== EXERCISE GOAL ==
Go through the listing below and write out exactly the lines from the one that mentions "Pull rose léger" through the one that mentions "Danny Home 10", minus the pictures.

== DATA PROVIDED ==
--- --- ---

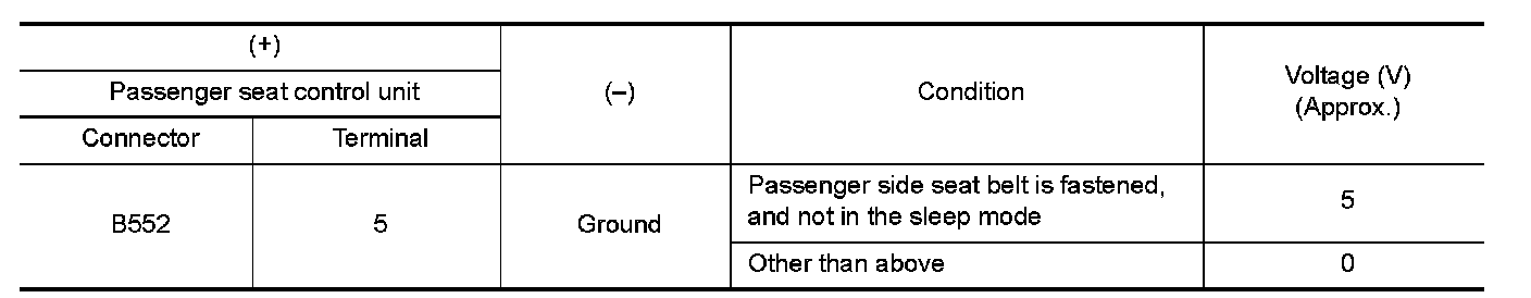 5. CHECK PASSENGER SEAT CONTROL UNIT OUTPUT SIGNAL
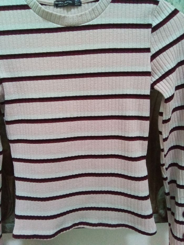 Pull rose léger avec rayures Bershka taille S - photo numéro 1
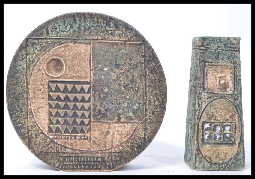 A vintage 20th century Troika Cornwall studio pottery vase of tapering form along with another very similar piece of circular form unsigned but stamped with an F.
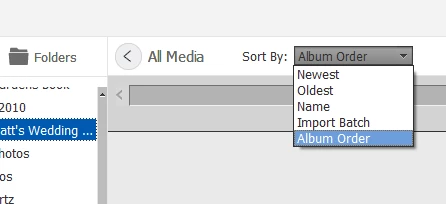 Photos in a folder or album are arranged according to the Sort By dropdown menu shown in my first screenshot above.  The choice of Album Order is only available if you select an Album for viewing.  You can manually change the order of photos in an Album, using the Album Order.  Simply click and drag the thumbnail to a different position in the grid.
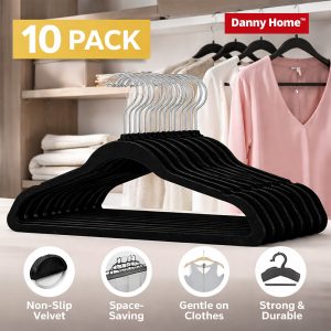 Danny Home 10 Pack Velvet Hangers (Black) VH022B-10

--- --- ---

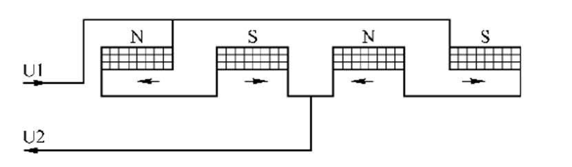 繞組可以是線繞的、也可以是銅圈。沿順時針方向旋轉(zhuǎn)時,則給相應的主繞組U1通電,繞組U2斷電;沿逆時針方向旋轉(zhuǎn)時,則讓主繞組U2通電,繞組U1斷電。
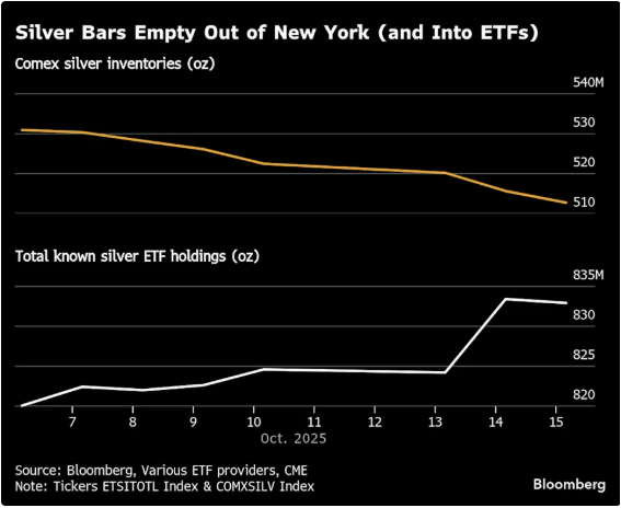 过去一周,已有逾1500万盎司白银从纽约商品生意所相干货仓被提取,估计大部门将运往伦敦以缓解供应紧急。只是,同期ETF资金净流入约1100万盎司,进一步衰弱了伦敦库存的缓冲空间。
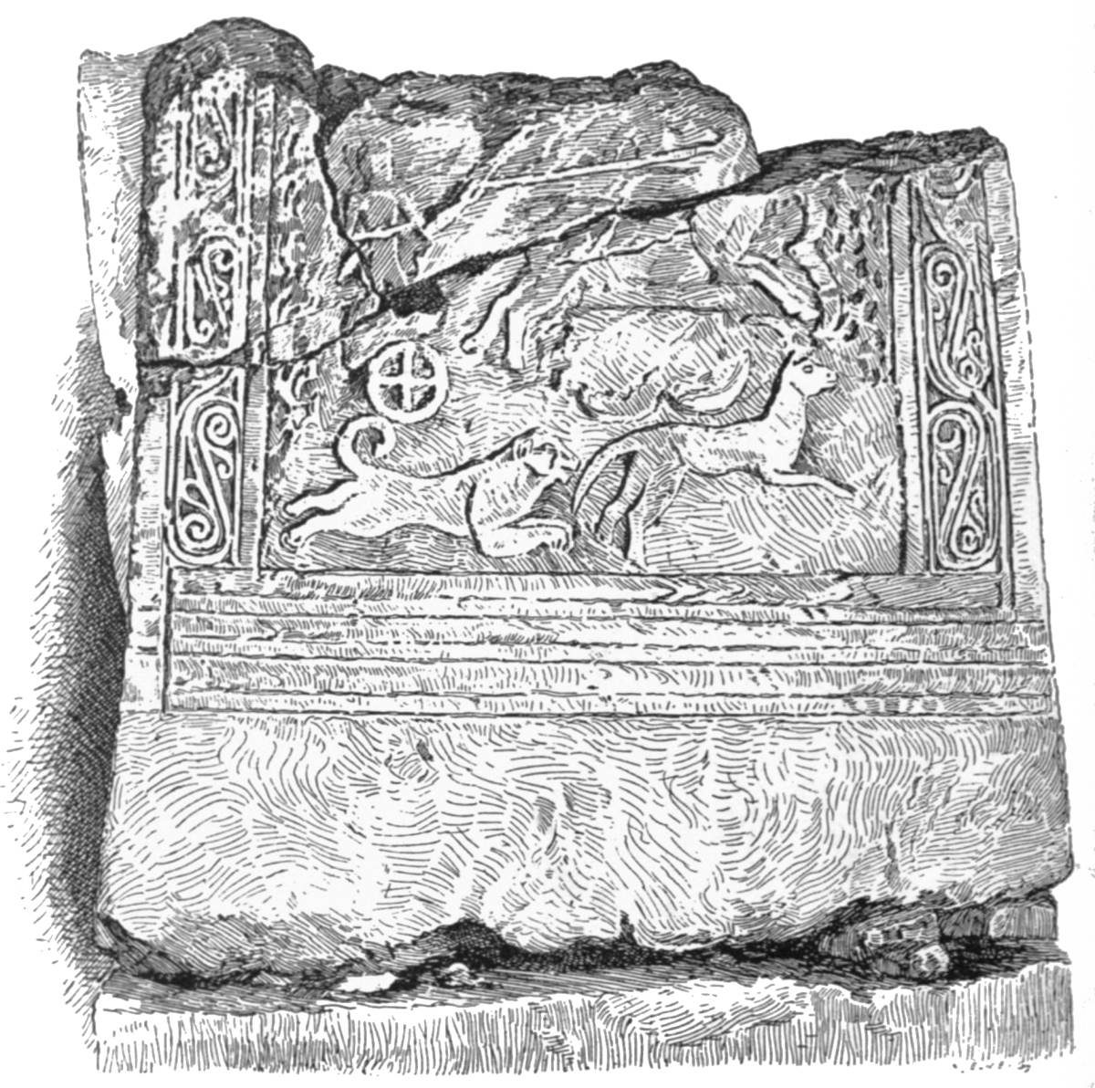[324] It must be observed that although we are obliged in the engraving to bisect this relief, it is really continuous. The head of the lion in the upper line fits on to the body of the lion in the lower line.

--- --- ---

== OUTPUT BELOW ==
 Pull rose léger avec rayures Bershka taille S - photo numéro 1
 A vintage 20th century Troika Cornwall studio pottery vase of tapering form along with another very similar piece of circular form unsigned but stamped with an F.
 Photos in a folder or album are arranged according to the Sort By dropdown menu shown in my first screenshot above.  The choice of Album Order is only available if you select an Album for viewing.  You can manually change the order of photos in an Album, using the Album Order.  Simply click and drag the thumbnail to a different position in the grid.
 Danny Home 10 Pack Velvet Hangers (Black) VH022B-10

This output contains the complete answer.